Джувейн хотел было заговорить, но осекся. Через несколько мгновений все же решился:
– Кажется, я близок к открытию. Это будет нечто совершенно новое, нечто потрясающее. И пригодится не только марсианам, но и вам. Уже много лет над этим тружусь, с тех пор, когда прибыли первые земляне и подсказали мне несколько психологических концепций. Я пока никому не рассказывал, потому что не был уверен в успехе.
– А теперь уверен? – спросил Вебстер.
– Еще не совсем, – ответил Джувейн. – Но почти.

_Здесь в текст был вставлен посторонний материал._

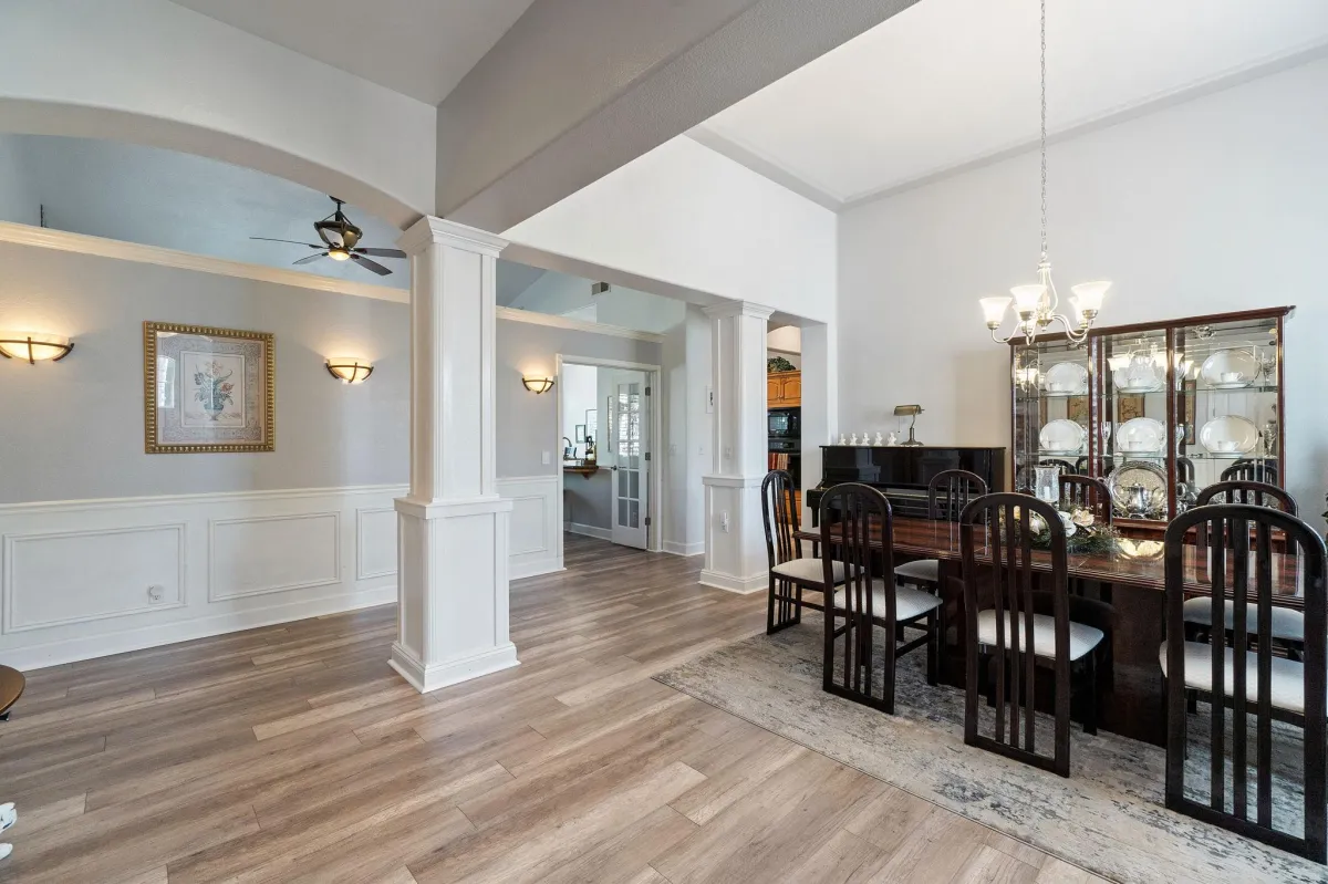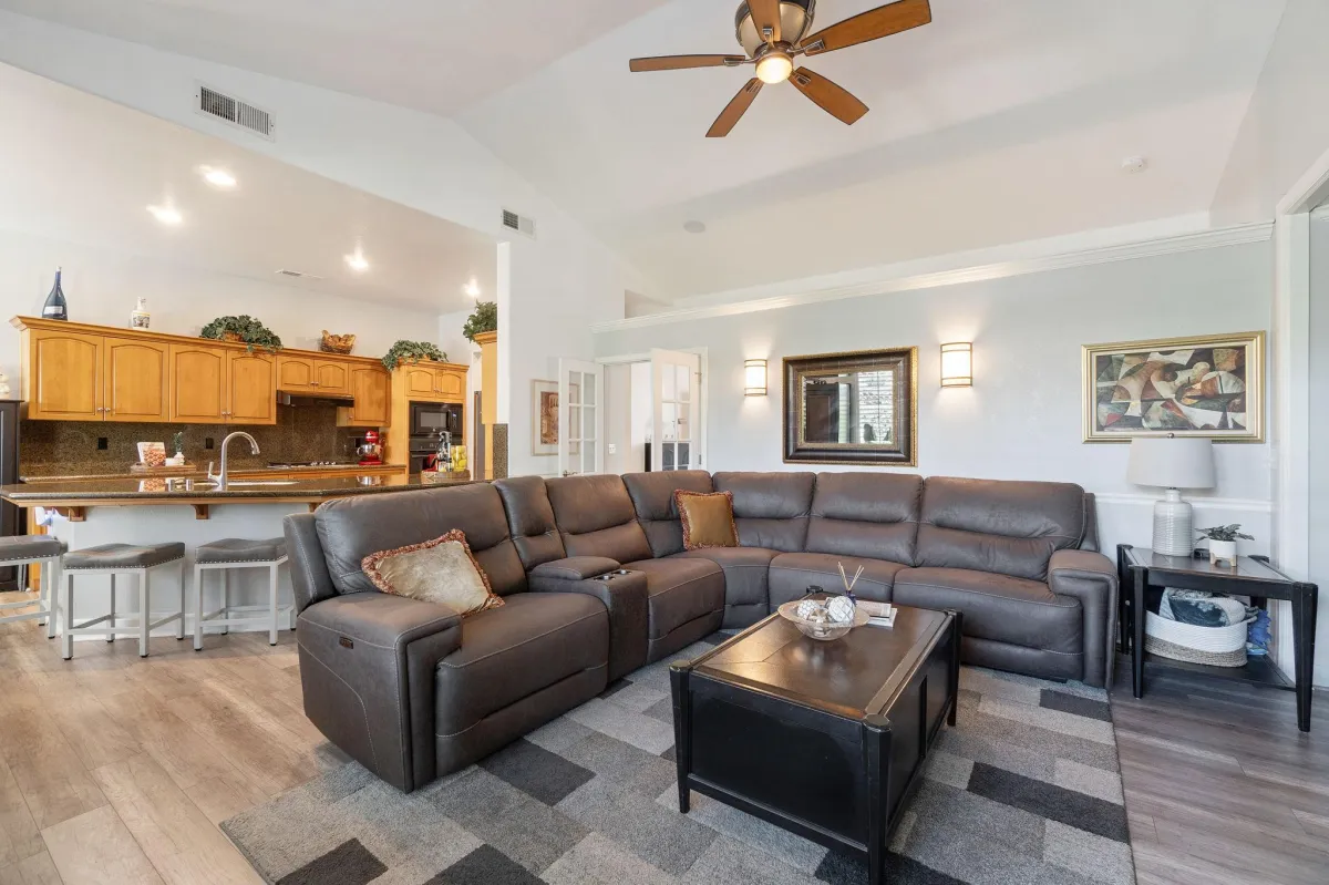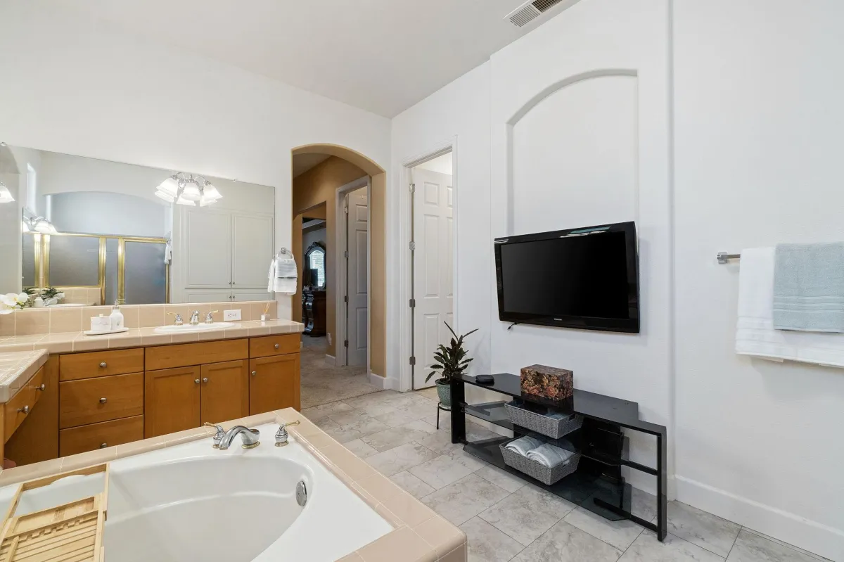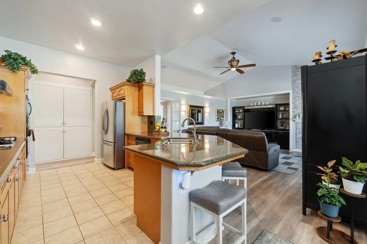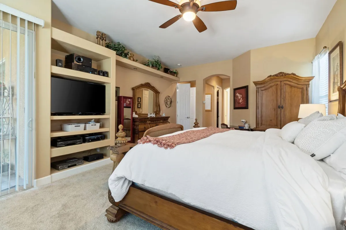 This home has been well loved, updated, and well maintained by its original owners since new! Attention to detail displayed throughout from the ornate tile inlay at the entry, to the custom wood trim paneling, and custom shutters. Fresh premium carpet installed in primary bedroom as well as front bedroom, and updated LVP flooring throughout ready for new owners to enjoy. Beautiful kitchen cabinets hide custom inserts to make life in the kitchen a breeze, the pantry also has custom slide outs to utilize as much space as conveniently as possible. Extended kitchen countertop doubles as a breakfast bar while allowing the kitchen to seamlessly flow into the living room and informal dining area. Living room boast high and vaulted ceilings, surround sound, and a beautiful stoned in fireplace with mantel. Formal living room allows greater flexibility for hosting and around the holidays. The primary bedroom has a grand feel while being secluded from other bedrooms and show stopping features such as dual walk-in closets, dual vanities, extra storage and space to spare! Second bedroom is isolated and is not far from designated bathroom. While the 3rd and 4th bathroom are also secluded and adjoined with a private Jack and Jill bathroom! Backyard features a large covered patio with outdoor fan, spa with deck, mature vegetation, a few fruit trees, as well as storage sheds.

Они посидели молча, глядя на горы и озеро. Прилетела птица, устроилась на ветке уродливого деревца и запела. За снежными вершинами, стоящими шеренгой, точно надгробные камни, громоздились темные тучи. В малиновой кипени тонуло солнце, мерклое, как угли отгоревшего костра.
Стук в дверь заставил Вебстера пошевелиться в кресле, вернул его к реальности. Джувейн исчез – старый философ навестил друга и провел с ним час задумчивого созерцания, а теперь тихонько удалился.
И снова стук.
Вебстер наклонился вперед и щелчком выключателя убрал горный пейзаж. Он в кабинете, все в том же кресле. Сквозь высокие окна просачиваются сумерки, в камине розово мерцают угли.
– Входи, – произнес он.
Дженкинс отворил дверь:
– Ужин, сэр.
– Иду. – Вебстер медленно встал.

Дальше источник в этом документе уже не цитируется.